Мне никогда не привыкнуть к тому, как плачут мужчины. Возможно, потому что я знаю, как губительно действуют слезы на их чувство собственного достоинства. Возможно, потому что слезы так непривычны для них, что всегда переносят их назад в детство. Механик в таком состоянии, что уже не вытирает глаза, его лицо — сплошная слизистая маска.
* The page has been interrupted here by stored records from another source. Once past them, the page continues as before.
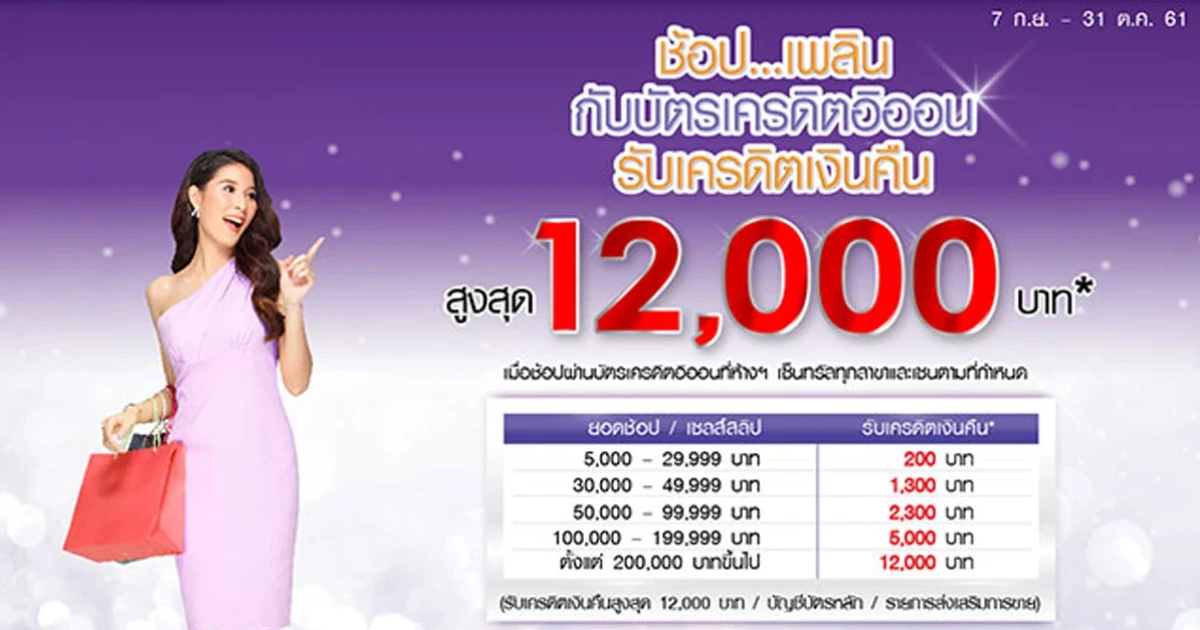 ช้อป.. เพลิน กับบัตรเครดิตอิออน รับเครดิตเงินคืนสูงสุด 12,000 บาท ณ ห้างสรรพสินค้าเซ็นทรัลทุกสาขา และห้างสรรพสินค้าเซน เมื่อมียอดช้อปตามจำนวนที่กำหนด
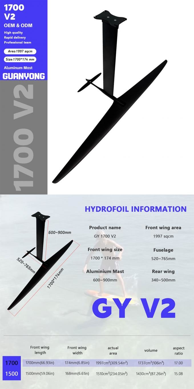 2025 New Style Large Front Wing 1700 V2 High Performance Carbon Fiber Beginners Foil Water Sport Wingfoil Hydrofoil Pumping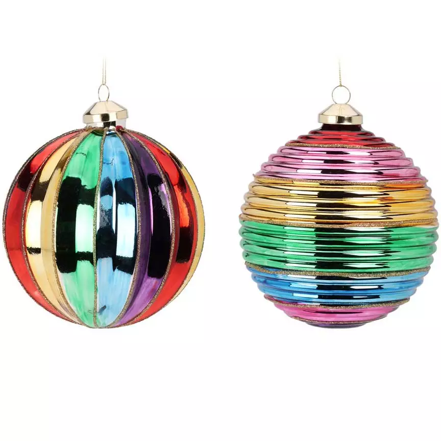 Värikäs, suuri Sateenkaari kuusenpallo on ihastuttava lisä sisustukseen. Kaunis raitakuvioitu joulupallo on upea yksityiskohta joulukuusen koristeeksi sekä erilaisiin jouluisiin asetelmiin. Värikkäällä kuusenkoristeella rakennat helposti näyttävän ja iloisen joulutunnelman kotiisi. Värikkäät, eri sävyiset raitakuviot tuovat kauniin lisän joulukuusen koristeluun.

— Сюда кто-то идет, — говорю я.
Два появившихся на крыше человека не испытывают восторга при виде нас.
Один из них тащит фотооборудование и совсем запыхался. Другой несколько напоминает мне вросший ноготь. Плоский, твердый и полный нетерпеливого раздражения.
— Вы кто?
— Я его соседка сверху, — говорю я. — А этот господин — его сосед снизу.
— Спуститесь, пожалуйста, с крыши.
Тут он видит следы и перестает обращать на нас внимание.
Фотограф делает первые снимки большим фотоаппаратом “Полароид” со вспышкой.
— Только следы погибшего, — говорит Ноготь. Он говорит так, как будто в голове составляет протокол. — Мать пьяна. Он играл наверху.
Он снова замечает нас.
— Спускайтесь вниз.
В этот момент у меня в голове нет ясности, есть одна лишь путаница. Но такая большая путаница, что я вполне могу поделиться ею с другими. Поэтому я никуда не ухожу.